His helicopter covered the ground
quickly and got me onto the peak just after the first platoon from
Capt. Roger
McElroy’s Company A had moved across it.
The sickening smell of the area around the camp was even worse
up on
that peak.
Capt. McElroy walked over
and shook his head.
“You show up in the darndest
places! I wouldn’t come up here if I
didn’t have to. This place is bad,” he
said.
It was. The
holes contained bodies. I counted four
only a few feet from us. Bombs had buried
some of the dead Communists
but three others were sprawled on down the slope as if they had been
hit in the
open, unawares.
“They were caught moving
down there,” McElroy said. “It looks
like napalm got all of them in here and then the bombs finished the
job.”
U.S. equipment of the type
issued South Vietnamese troops was scattered around.
I saw several old-style canteens and canteen cups - each of
which
was bullet riddled - and web gear around some of the holes. A barbed wire, entanglement around the peak
had holes blown in it.
A small outpost here had
come under Communist attack. Some of
the CIDG (Special Forces - trained Civil Irregular Defense Group)
troops had
managed to escape; others had dies in the same holes where the
Communist bodies
were now lying.
McElroy said there hadn’t
been a shot fired as they moved up the hill and that only the dead
PAVN’s and a
half a dozen automatic weapons (assault rifles from Russia and Chicom
submachine guns) had been found. His
company
would spend the night here, and I didn’t look forward to it.

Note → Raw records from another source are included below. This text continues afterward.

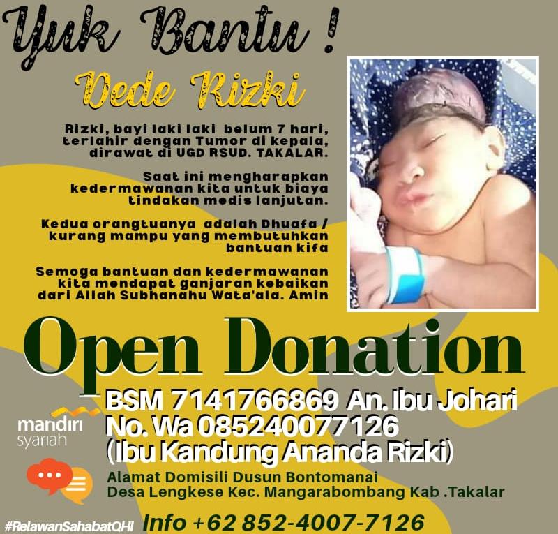 Terkait kondisi bayi penderita tumor di kepala tersebut, pihaknya mengajak para dermawan dan donatur agar dapat menyumbangkan bantuan kepada keluarga bayi penderita Tumor di Kepala itu untuk biaya pendampingan pengobatan anak tersebut ke rumah sakit.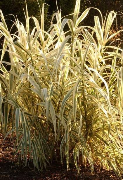 Canne de Provence – Grandes feuilles effilées, retombantes, vertes rayées blanc et vert pâle à violacé – Semi-persistant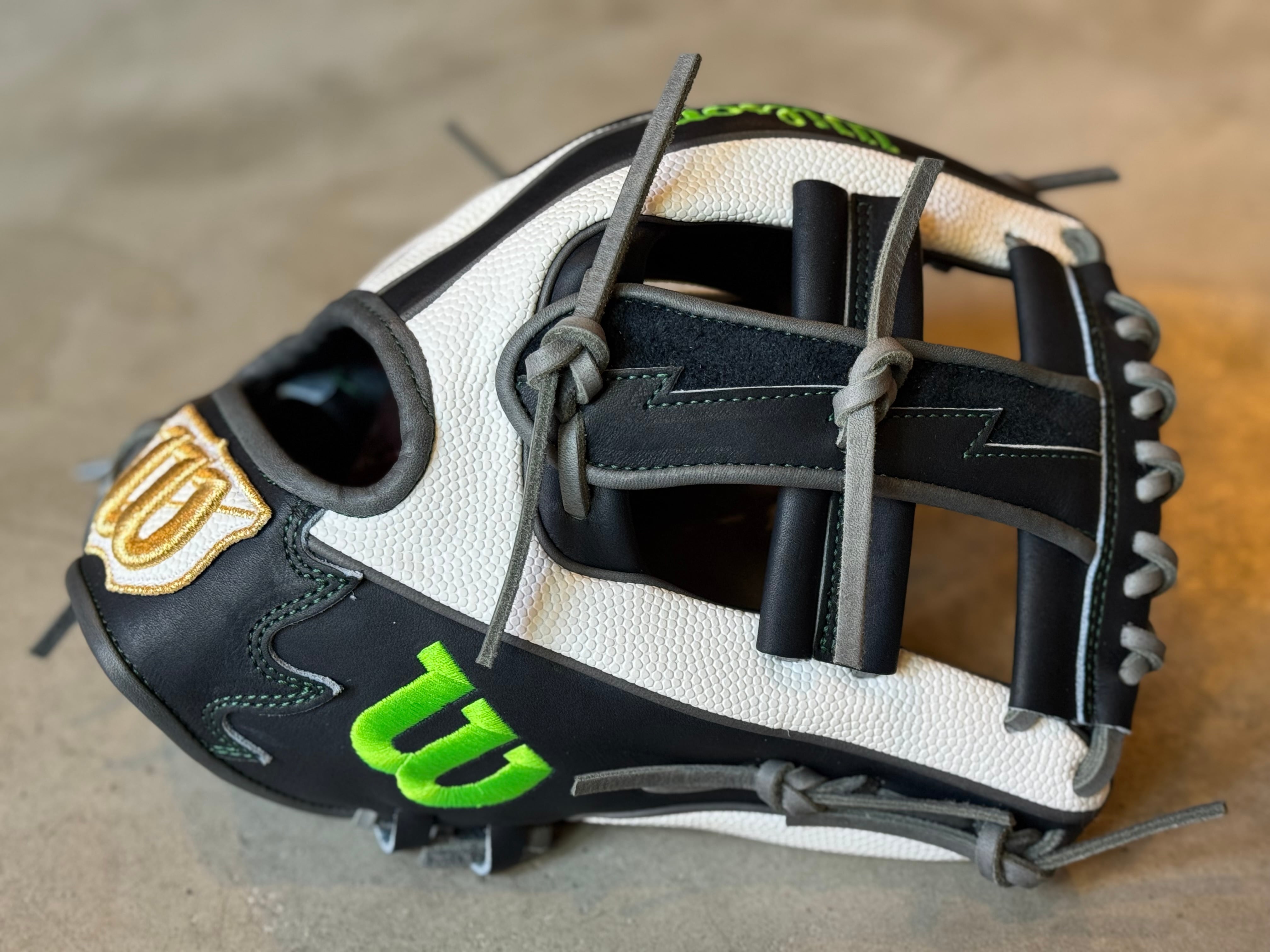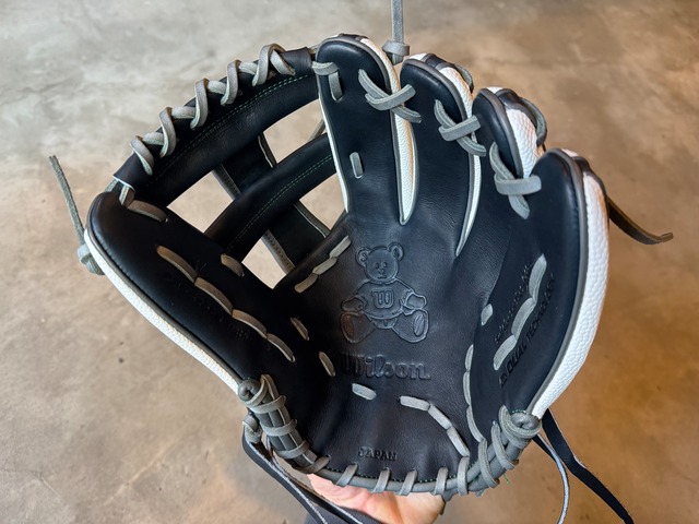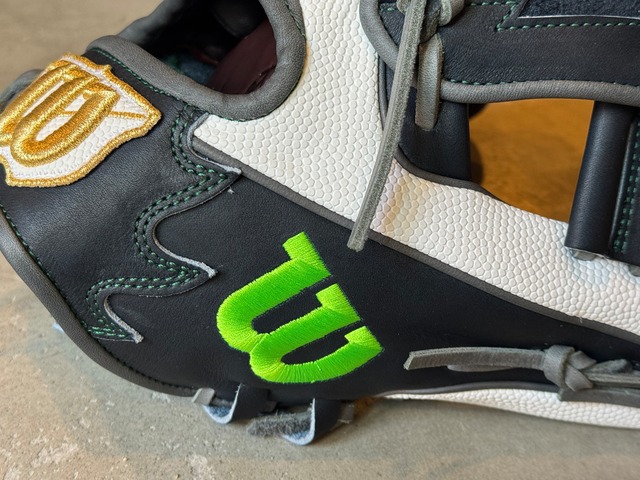 〜Wilsonの軟式オーダーを店舗別注でセレクトしたシリーズ〜 定番モデルでは不可能な良質かつデザイン性・刺繍もふんだんに使用した87スポーツ限定モデル 型番:1975型コユニ推奨 (11.75インチ) (M・ベッツモデル) MLBで人気の内野手用86型を大きくしたポケットをタテに使うグラブ。 ⚪︎フラットバインディング…人差し指を出す部分のヘリ革を特殊縫製することで人差し指の痛さを軽減。 〜デュアル・テクノロジー〜 丸みを帯びた独特な形状により、ポケット以外の部分にボールが当たっても自然とポケットに収まり、捕球から正確なスローイングが可能。 深めでしっかりとキャッチできるモデルとなっております。 ポジション:内野手 本体カラー:Wブラック×ホワイトSS ×Cグレー ステッチカラー:グリーン 紐カラー:Cグレー ラベル :ホワイトSS 専用グラブ袋:有 深めでしっかりとキャッチできるモデルとなっております。 縦にポケットを使う事で握り替えも早く素早い送球が出来ます。 『守備率10割に近づくグラブ』 ◎適材適所設計 〜ポジションによりプレー内容はことなる。よってグラブの役割も異なる〜 「適材(最もふさわしい革と芯材)」を「適所」に採用し、細部に拘って日本の職人が手仕事により作り上げた、技術力向上最重視グラブ。 ○内野手用〜正確に打球をさばくためのグラブ〜 ・手のように自由に動く柔軟性と、軽快な守備を可能にする軽さ、高い耐久性の最強コンビネーション。 ※送料無料 ※型付け有の場合、加工期間に1週間程度かかる可能性がございます。予めご了承下さい。 追加で確認する事項がありましたらメールにてご連絡する事がございます。 ※柔らかさの目安(個人差はございます) 「硬め」・・・形を整える程度。お客様ご自身で柔らかくしていくイメージ。 「普通」・・・キャッチボールが出来る程度。多少の開閉ができるイメージ。 「柔らかめ」・・・ノックなど受けれる程度。しっかり開閉できるイメージ。 ※グラブ刺繍は、平裏土手部のみ可能。ご利用の際はグラブ刺繍ページをご確認下さい。 (メニューバー→カテゴリ→グラブ刺繍)
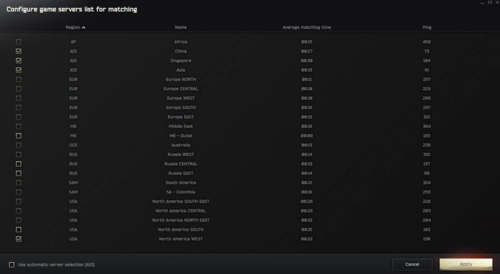 한국에서 일반적으로 플레이 가능한 서버는 중국, 싱가폴, 아시아, 러시아 중부 및 동부, 북미 서부 정도입니다. 사용하는 회선에 따라서 다양한 차이를 보이긴 하지만 대체로 중국, 싱가폴, 아시아 정도가 플레이 가능한 선으로 여겨지고 있죠.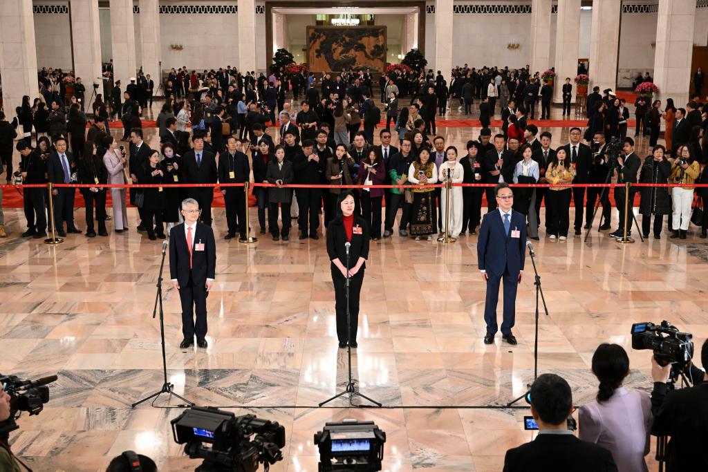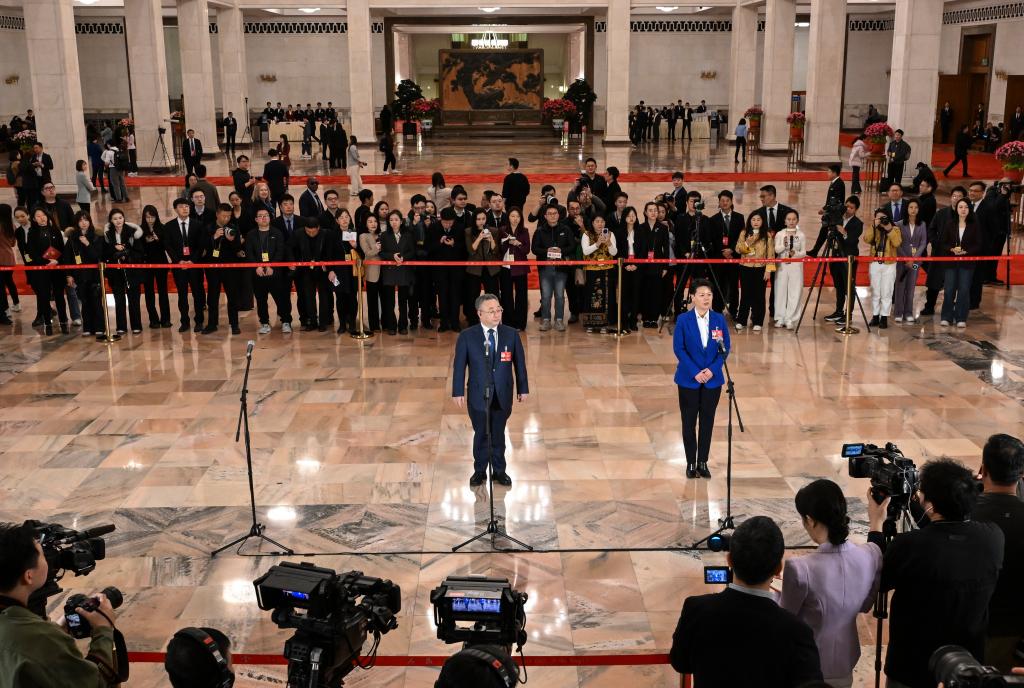 3月11日,全國政協(xié)十四屆四次會議第三場“委員通道”集體采訪活動在北京人民大會堂舉行。新華社記者 曹祎銘 攝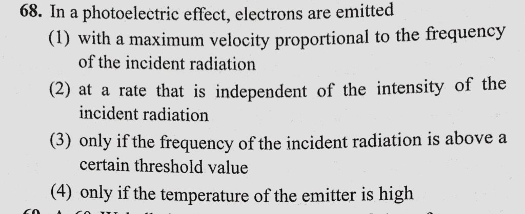 In a photoelectric effect, electrons are emitted (1) with a maximum velocity proportional to the frequency of the incident radiation (2) at a rate that is electrons are emitted (1) with a maximum velocity proportional to the frequency of the incident radiation (2) at a rate that is In a photoelectric effect October 14, 2020 Category: Uncategorised (JEE Advanced Physics by BM Sharma + GMP Solutions) , Facebook Messenger WhatsApp Share this:TwitterFacebook Related

A helicopter swept up from
the valley then, two gunships following it, one high and one low. It came into the little level space at the
top and I saw Maj. Gen. Harry W. O. Kinnard, the division commander,
get out.
McElroy looked very startled
and hurried away as Kinnard walked across the battle-scarred peak which
had
been secured only minutes earlier. I
kept waiting for him to greet the general as he had me by saying
something
about “seeing him the darndest place,” but he didn’t.
Kinnard inspected the
shattered positions, looked at the bodies of the PAVNs, got a report
from
McElroy, then offered me a ride back to Pleiku.
I had been told that the
brigade headquarters was moving out the next day, as were the 1st
Battalion
(Airborne), 8th Cavalry and the 1st Battalion (Airborne), 12th Cavalry.
The 2nd Battalion, 12th
Cavalry already was holding several landing zones and howitzers from
the 1st
Battalion (Airborne), 19th Artillery had been set up out in these
wilderness
sites by Chinook helicopters.
I also figured I might
wangle a supper invitation out of it if I worked it right, so I climbed
in and
flew back to II Corps (Vietnamese Army II Corps) headquarters at Pleiku.